The document mapping display device according to claim 2, in which any number of accumulation areas can be specified for the accumulation areas.

The document mapping display device according to claim 2, wherein the time series change output unit displays time series change points in the accumulation area of the plurality of documents on the two-dimensional plane as circles and displays the circles as lines connecting each other.
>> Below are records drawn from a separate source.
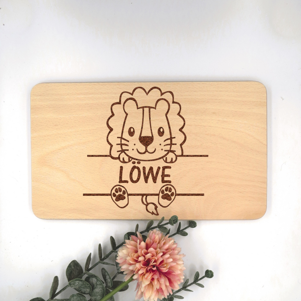 Personalisiertes Frühstücksbrett für Kinder - Löwe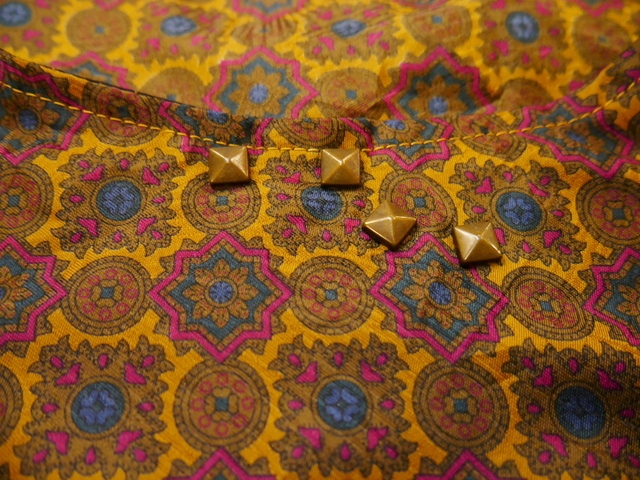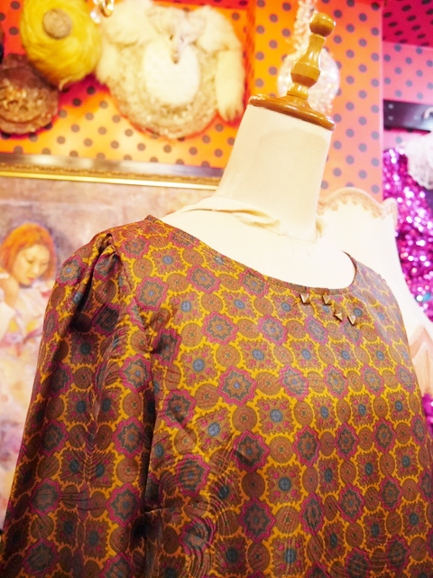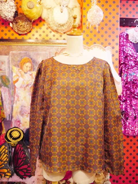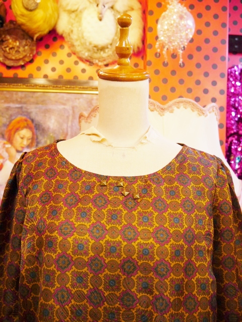 スパイラルのような模様入りの生地にアンティーク感漂うレトロモダン柄×胸元のアンティークゴールドスタッズが魅力的なヨーロピアンカットソー ブラウスと合わせてもお洒落なアイテム!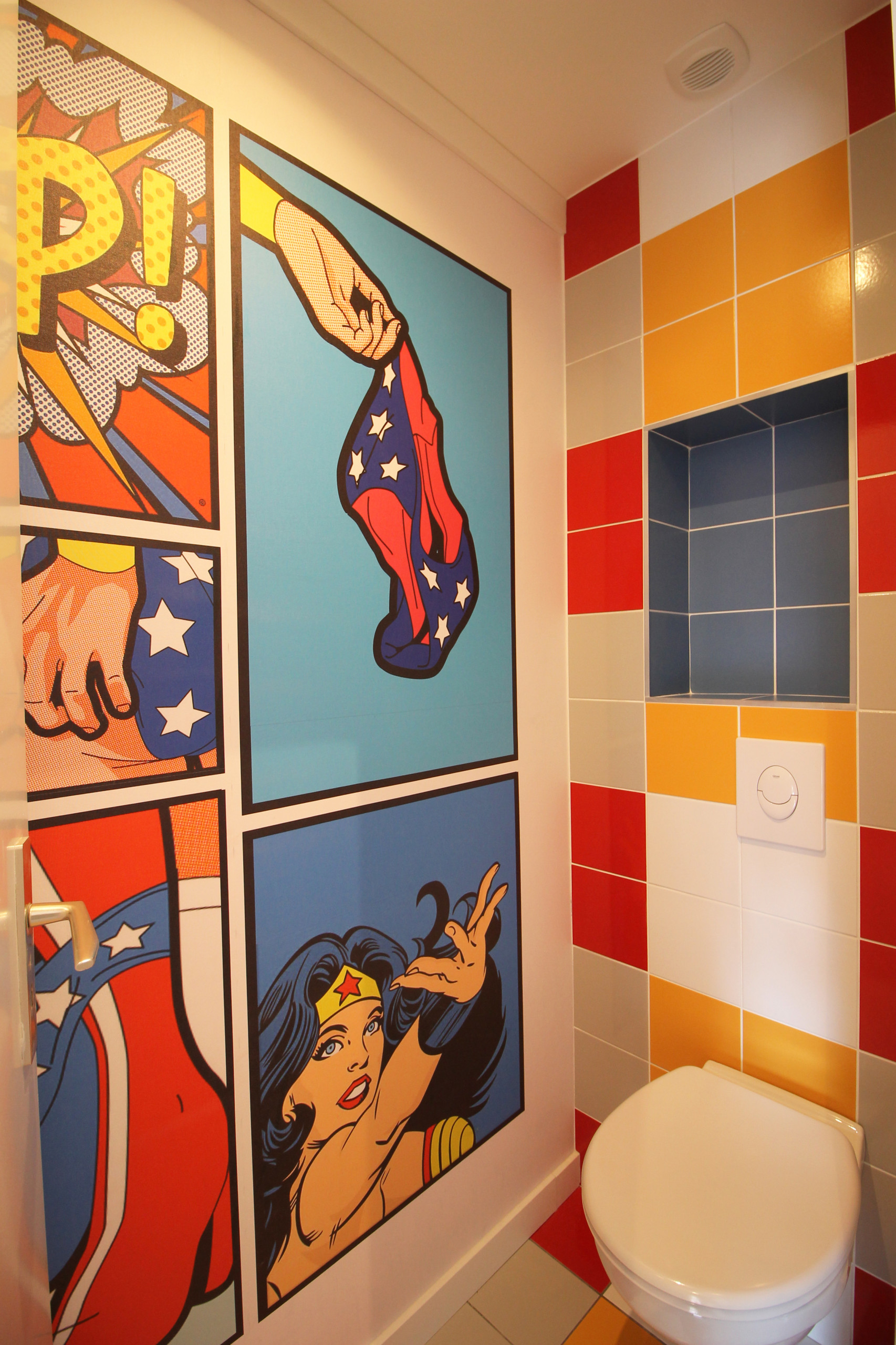 Côté bureau, on retrouve les mêmes codes couleurs sur une base de rouge primaire, assortie au bleu ciel. Très Marvel… Puis aux toilettes, on ose plonger dans l’univers des comics, avec Wonderwoman et le symbole de l’Amérique, façon on ne peut plus ludique.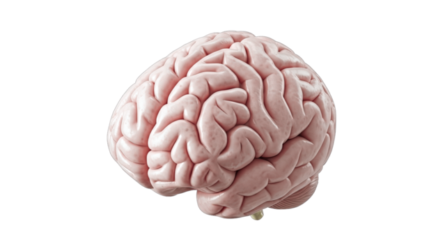 Human brain model isolated PNG, anatomical representation with frontal, parietal, and temporal lobes for medical education and study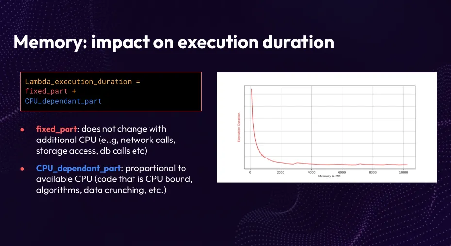 Plotting the relationship between memory and execution duration reveals a non-linear codependency. It's important to note that adding more CPU power does not necessarily lead to a proportional increase in performance. There comes a point of diminishing returns, which is captured by the curve representing this relationship. As memory is increased, it indirectly affects CPU utilization, contributing to the observed distribution. The key takeaway is the existence of a non-linear connection between memory and duration, with memory also indirectly impacting CPU performance.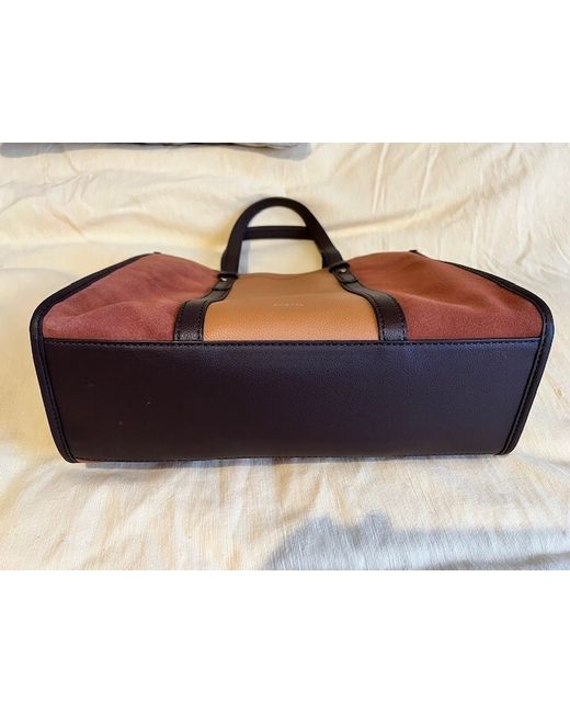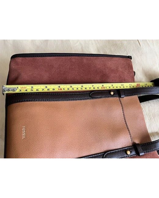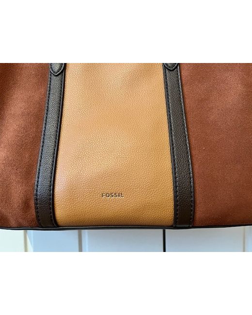 This is a gorgeous Fossil leather tote bag with suede panels. Three tones of coffee & chocolate browns with a black fabric interior. Shoulder strap and handles for maximum versatility. Two internal zipped pockets and a magnetic stud closing for main opening.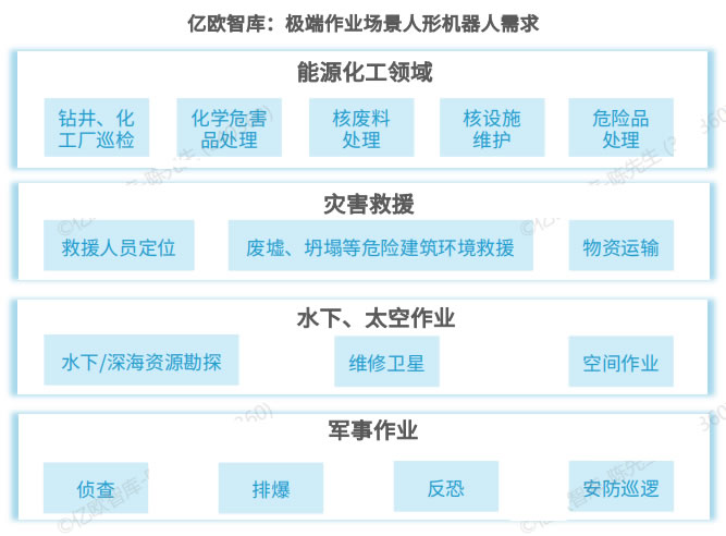 J端作業(yè)場(chǎng)景對人形機器人有廣泛的需求,人形機器人可在惡劣環(huán)境下幫助或替代救援人員操作,解決人員短缺及生命安全問(wèn)題,從而提G救援效 率、減少人員傷亡、提G物資運輸效率等。

The document mapping display device according to claim 2, wherein the time series change output unit displays the degree of growth on the two-dimensional plane using a type of arrow.

The computer
A document acquisition step of acquiring a plurality of documents;
a sentence acquisition step of acquiring a predetermined sentence from the plurality of documents;
a document arrangement step of arranging the plurality of documents on a two-dimensional plane according to similarities between predetermined sentences included in each of the plurality of documents;
an extraction step of extracting a time series change in the number of documents in a predetermined area on the two-dimensional plane;
a calculation step of calculating a growth rate based on a time series change in the number of documents in a predetermined area present on the two-dimensional plane;
and outputting the growth degree.

On the computer,
A document acquisition function that acquires multiple documents;
A text acquisition function for acquiring a specified text from a plurality of documents;
a document arrangement function for arranging the plurality of documents on a two-dimensional plane in accordance with similarities between predetermined sentences contained in each of the plurality of documents;
an extraction function for extracting a time series change in the number of documents in a predetermined area on the two-dimensional plane;
a calculation function for calculating a growth rate based on a time series change in the number of documents in a predetermined area present on the two-dimensional plane;
and an output function for outputting the growth degree.

The computer
A document acquisition step of acquiring a plurality of documents;
a sentence acquisition step of acquiring a predetermined sentence from the plurality of documents;
a document arrangement step of arranging the plurality of documents on a two-dimensional plane according to similarities between predetermined sentences included in each of the plurality of documents;
an extraction step of extracting a time series change in the number of documents in a predetermined area on the two-dimensional plane;
a calculation step of calculating a growth rate based on a time series change in the number of documents in a predetermined area present on the two-dimensional plane;
an accumulation detection step of detecting an accumulation region based on the plurality of documents in a predetermined region existing on the two-dimensional plane;
and a time series change output step of displaying on a two-dimensional plane the degree of growth in a predetermined region and time series change points in the two-dimensional plane of the accumulation region.

On the computer,
A document acquisition function that acquires multiple documents;
A text acquisition function for acquiring a predetermined text from the plurality of documents;
a document arrangement function for arranging the plurality of documents on a two-dimensional plane in accordance with similarities between predetermined sentences contained in each of the plurality of documents;
an extraction function for extracting a time series change in the number of documents in a predetermined area on the two-dimensional plane;
a calculation function for calculating a growth rate based on a time series change in the number of documents in a predetermined area present on the two-dimensional plane;
an accumulation detection function for detecting an accumulation region based on the plurality of documents in a predetermined region existing on the two-dimensional plane;
and a time series change output function for displaying on a two-dimensional plane the degree of growth in a predetermined area and time series change points in the two-dimensional plane of the accumulation area.